El Segundo-based Highridge Partners is looking to make a quick, sizeable profit on a Santa Ana office building it bought on the cheap in 2009.
Highridge, a self-described contrarian investor, recently put its 3 MacArthur Place office building up for sale, according to several real estate sources.
Market watchers are expecting the 246,819-square-foot building to trade hands in the $60 million or higher range, or close to $250 per square foot, assuming a deal is made.
If that price is met, it would be nearly double the price for the 11-story building since its last sale.
Highridge paid about $31 million, or about $125 per square foot, for the building in late 2009.
That deal was struck near the low point of Orange County’s office market in terms of prices.
The building’s prior owner, New York-based Tishman Speyer Properties LP, paid about $83 million for 3 MacArthur near the peak of the market, in mid-2007.
The building was about 75% full at the time of the last sale and was expected to lose a few tenants.
Since the deal, Highridge has put about $1 million worth of renovations into the building and has struck a couple large deals to bring 3 MacArthur’s occupancy up to about 85%.
The building is said to bring in close to $3.6 million in rents annually.
Last summer, Edison Mission Energy, an owner and operator of power plants and a unit of Edison International, said it would move its headquarters from Irvine to the building. It signed an 85,339-square-foot lease that starts this year and runs for 10 years.
Other large tenants include apartment investor Archstone-Smith, which leases about 21,000 square feet of space, and a unit of Deutsche Telekom AG’s T-Mobile USA Inc., which last year signed a seven-year renewal for 20,377 square feet of space.

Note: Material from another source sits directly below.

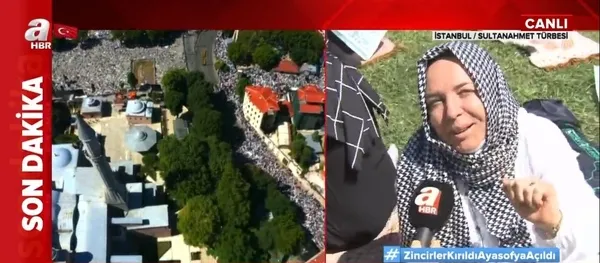 Tarihi günde binlerce vatandaş dün geceden bu yana Ayasofya Camii etrafında. A Haber muhabiri Pınar Özenç, tarihi ana dakikalar kala Sultanahmet Türbesi'nde vatandaşların sevinçlerini aktardı. Vatandaşlar Başkan Erdoğan'a teşekkürlerini ileterek "Bu Osmanlı'nın dirilişidir" ifadelerini kullandı.

Officials for Highridge told the Business Journal last year they expected to hold on to the building for five to seven years. But the company’s known for striking deals when the market’s hot.
Highridge sold its entire portfolio for about $1 billion in 2006 and 2007 when real estate values were last peaking.
It’s made a few acquisitions in the past couple years. In 2009 it said it was targeting close to $500 million in office buys.
Brokers with CB Richard Ellis Group Inc. have the listing on 3 MacArthur. They declined to comment on a potential sale of the building.
Way To Cash Out?
Axxcess Capital Ventures LLC, a Newport Beach-based real estate services and asset management firm that started up last year, said it has a new program to help provide liquidity to struggling investors of tenant-in-common deals and other complex investments.
Axxcess Capital said it has struck a deal with Boston-based Winthrop Realty Trust to provide cash for sponsors, managers and investors in fractional ownership investments, including tenant-in-common deals and private non-traded real estate investment trusts.
“We can provide options for cash strapped operators and investors that may not be unable to provide the capital necessary to enable the property to succeed in a tough market,” said Tim Snodgrass, president of Axxcess Capital, in a statement.
The two companies haven’t disclosed how much money they’re planning to invest in the program.
Snodgrass and Axxcess Capital Chairman Dick Gee previously ran San Clemente-based Argus Realty Investors LP, which during the peak of the market was OC’s second-largest investor in tenant-in-common deals, where individuals pool together money to buy properties. Argus now is shuttered.
The largest local tenant-in-common investor at the peak of the market was Santa Ana’s Triple Net Realty, whose business now is part of Grubb & Ellis Co.
Grubb said in February it was starting up a new venture, Daymark Realty Advisors Inc., as an independent subsidiary to manage 33 million square feet of tenant-in-common assets. That company could also provide services and money to other investors in the industry, officials said.
Investment bank Friedman, Billings and Ramsey helped set up the recent deals for Axxcess and Daymark.
Brea Sales
The developers of Blackstone, a master planned community in Brea, said they have closed 27 home sales since the project’s opening weekend in late March.
Blackstone, an 800-acre project in the hills between Brea and Fullerton, is expected to hold nearly 360 homes in total. They’ll range in price from around $550,000 to nearly $1 million.
The project’s being developed by Irvine’s Standard Pacific Homes Inc. and Walnut’s Shea Homes.